Data Quality External Reporting

This page explains the Centralized DQ Monitor Scan Reporting feature, which generates a comprehensive, standardized report for every Data Quality (DQ) Monitor scan and appends the results to a designated external table. This mechanism centralizes DQ metrics from various sources and monitors, providing a unified, historical view of data quality performance.


Report Structure (External Destination Table Schema)

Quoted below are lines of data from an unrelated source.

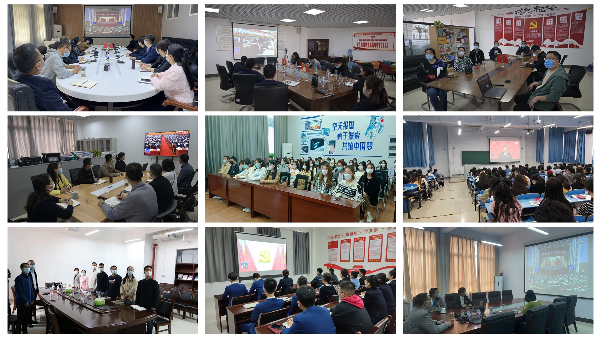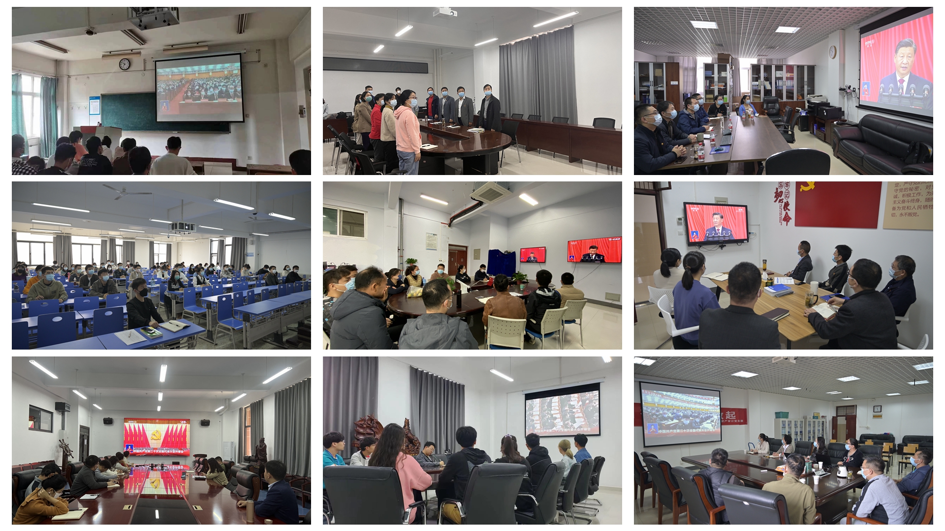 与此同时,学校各二级党组织设立分会场,组织全校师生员工、民主党派、无党派人士等通过电脑、移动客户端、电视等方式收听收看大会盛况。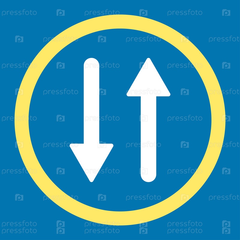 Обмен стрелки вертикальной плоской желтого и белого цвета округлые растровых значок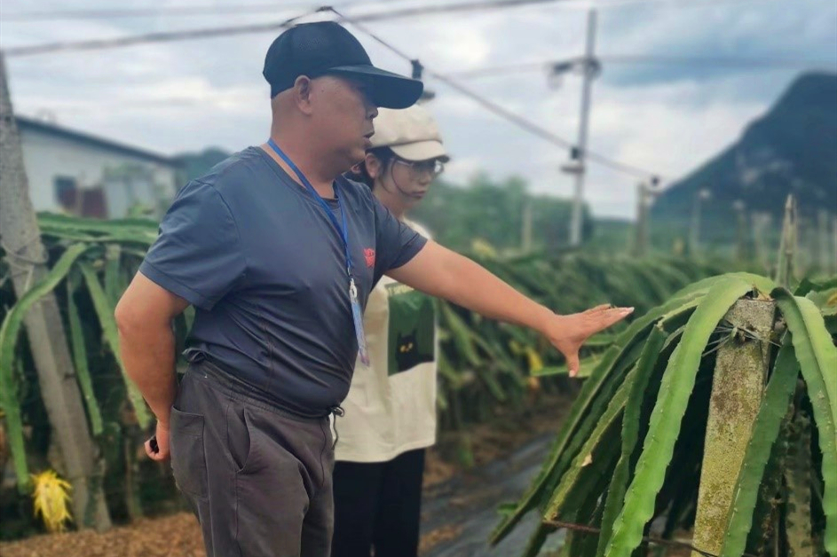 黄智美同学在农业种植园区与广西崇左市中东镇原副镇长采访交流
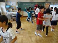 今日の外国語活動では、「Can you play ~?」 の言い方を勉強しました。授業の中では、進化ゲームをして、体を動かしながら英語での言い方に親しみました。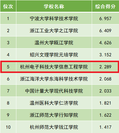 在浙江省独立学院国际化总体水平排行中,杭州电子科技大学信息工程学院位列第五,排名较往年有大幅度提升,且为首次入围该排行榜。

The external table is the central repository for all DQ scan results. It provides a standardized format that allows users to query and analyze DQ performance across all projects, data assets, and monitors.

Column Name

Data Type

Description

project_id

Long

Identifier for the project where the data asset resides.

data_asset_id

String

Identifier for the specific data asset (e.g., table/stream) being monitored.

monitor_Id

Long

Unique identifier for the Monitor that performed the check. This is the primary key for tracking the rule execution.

scan_timestamp

Timestamp

The exact time the DQ job completed execution.

total_records_failed

Integer

Count of records that failed the specific Monitor's check.

total_records_scanned

Integer

Total count of records processed by the job for this check.

record_id_attribute_name

String

The name of the primary key/ID attribute used to uniquely identify records in the data asset.

record_id_sample

Array of Strings

A sample of up to 100 failed record IDs. This sample aids in immediate investigation and debugging.


User Actionability

  • To check DQ status: Users should query the External Destination Table, filtering by data_asset_id and scan_timestamp.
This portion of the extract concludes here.